LuciadLightspeed strives to keep the differences between 2D and 3D to a minimum, so that application code doesn’t usually need to know or care whether the view is currently 2D or 3D. There are some use cases, however, in which separate code branches for 2D and 3D are unavoidable.
An example of such a code divergence is the level-of-detail styling for icons. When you define icon styling based on level-of-detail, you use an icon of a 3D airplane model for objects that are nearby, for instance, and replace the airplane with a simple 2D icon when the objects are further off. In 3D, you could achieve this by computing the distance from the object to the eye point. In 2D there is no eye point, so the scale of the view is typically used instead.
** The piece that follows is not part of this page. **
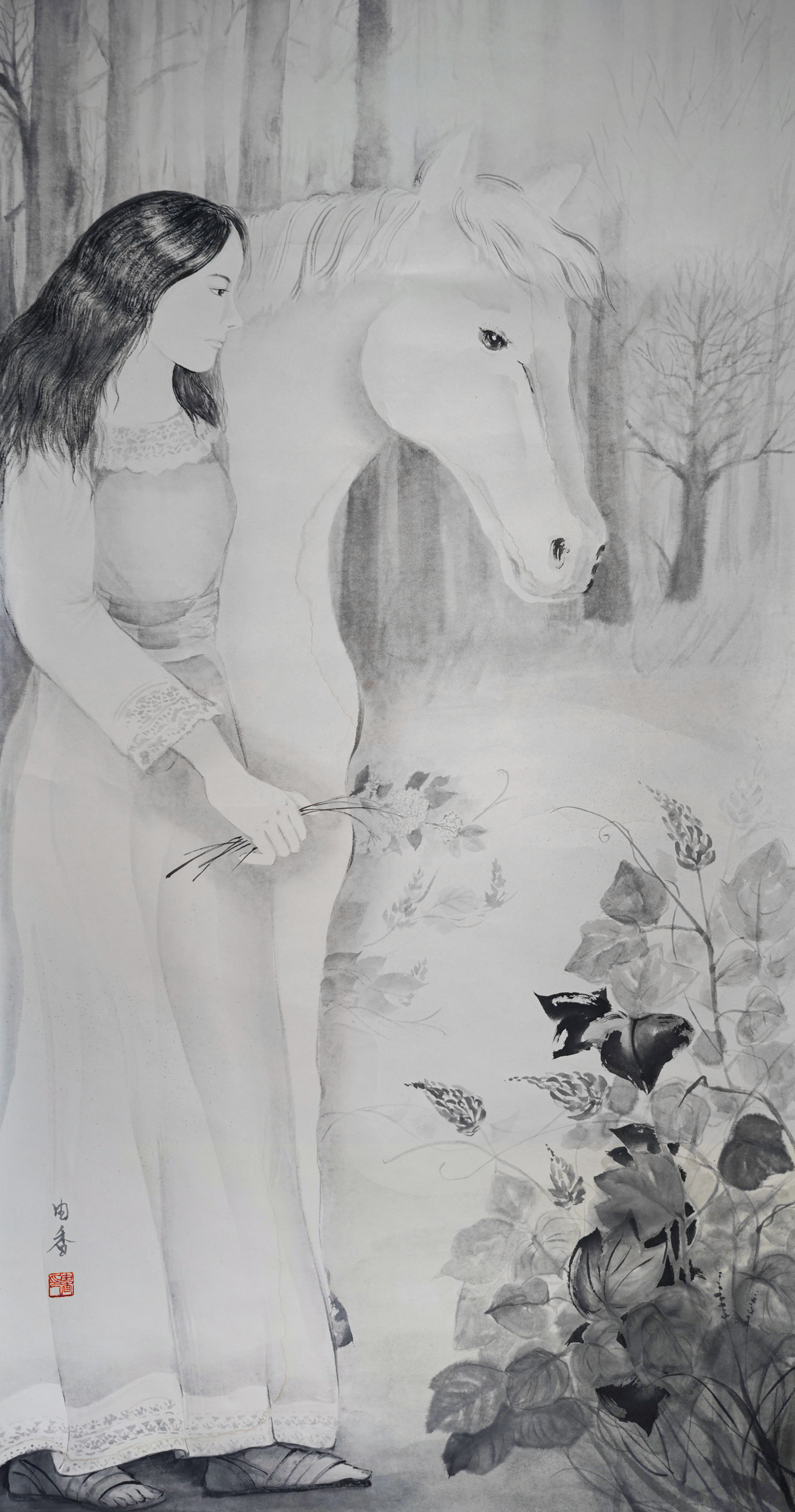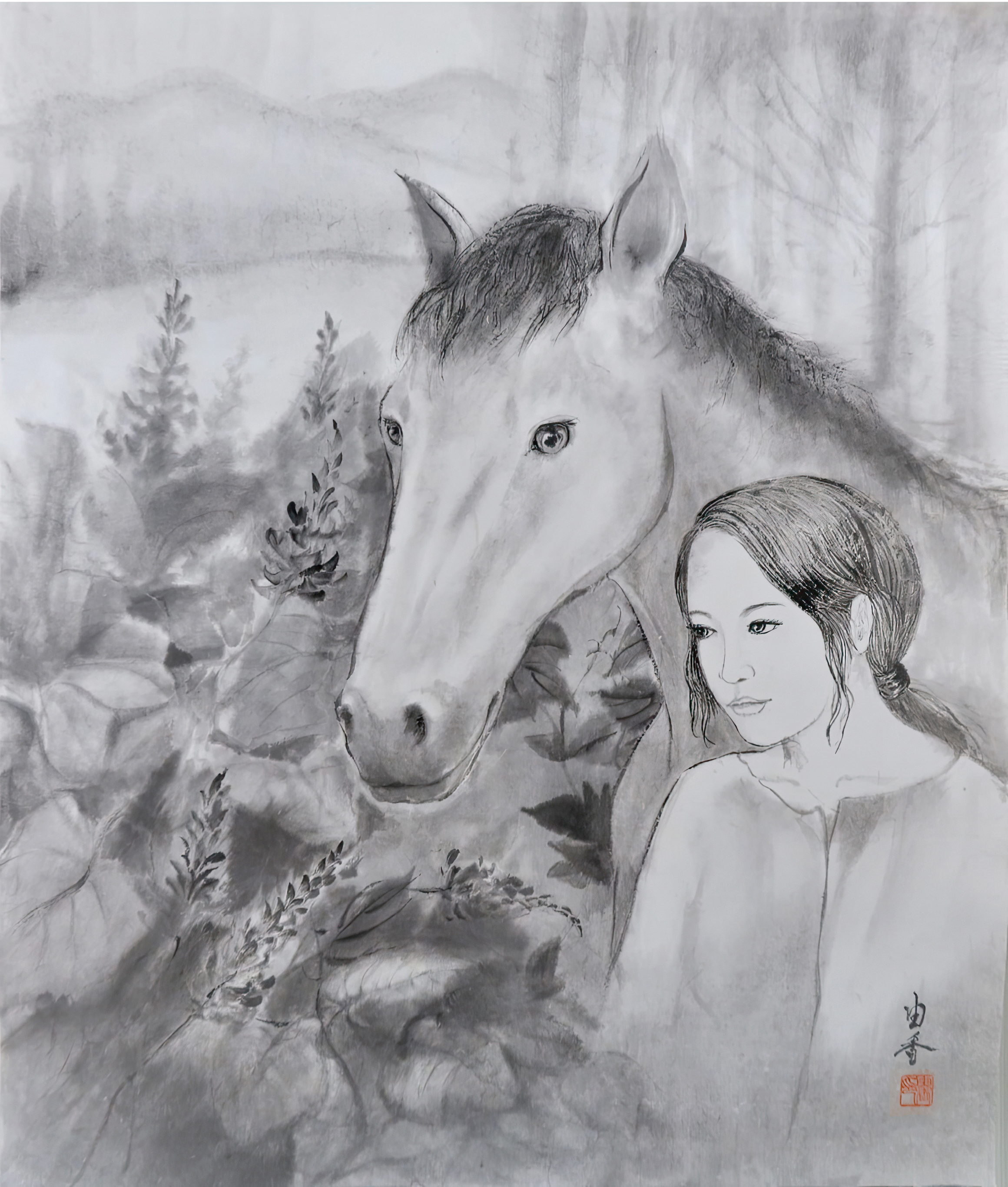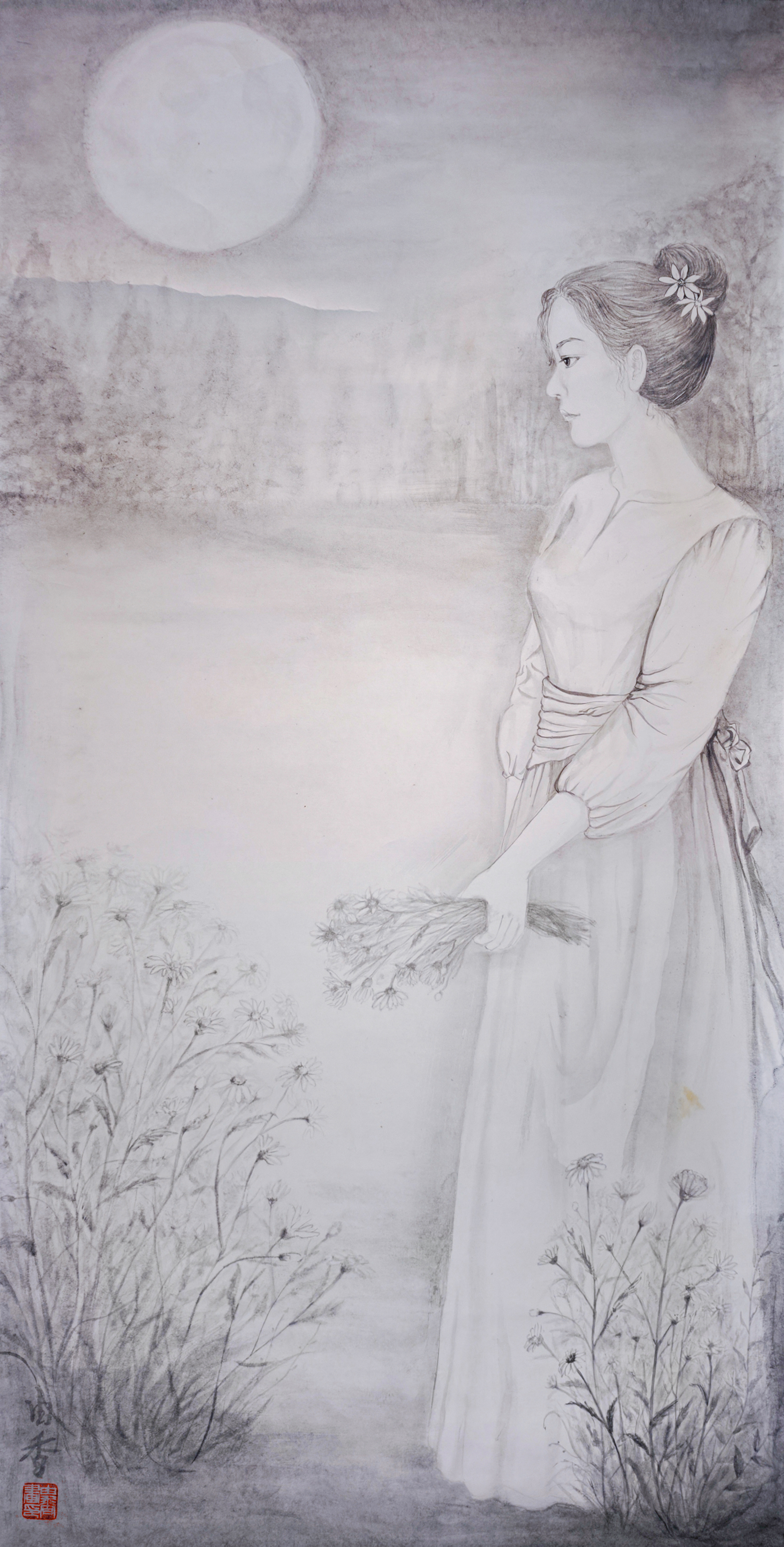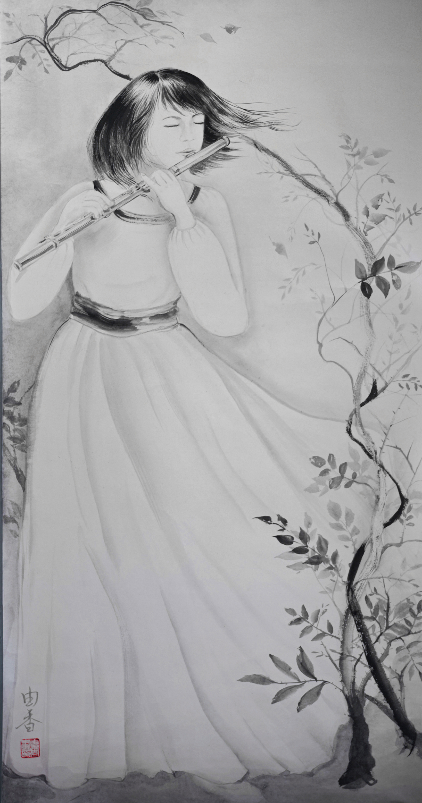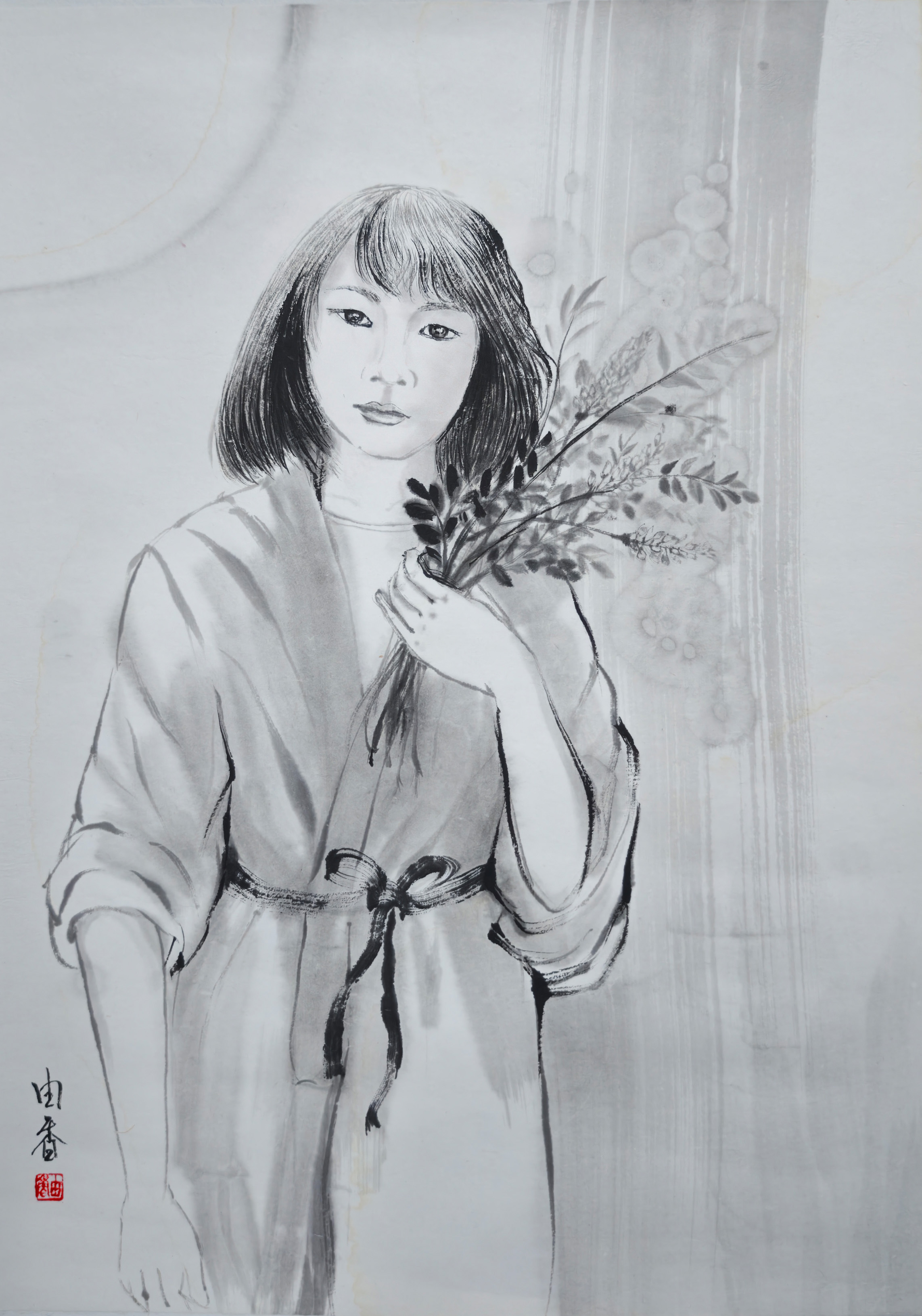 以前から交流のある在日中国人墨絵画家 王子江先生の元で墨絵を学び始める。 アトリエ雄原堂グループ展に作品を出品 |

The distance-to-eye and scale values have different units of measure, however, and can therefore not be compared to one another. Hence, you end up with two code paths that need to be finetuned individually.
A trick that can occasionally be useful to minimize such branching, is to treat the 2D view like a virtual "top down" 3D view. In other words: we have a 2D view, but we pretend that we’re looking at it through a virtual 3D camera. Obtaining the position of this virtual camera is straightforward:
As shown in the image, some simple trigonometry gives us the camera’s Z coordinate. You can obtain the camera’s X and Y coordinates by transforming the coordinates of the view center to world coordinates. As a result, we now have a plausible “eye point” for our 2D view. From this point on, we can allow the 2D code to work exactly like it does in 3D.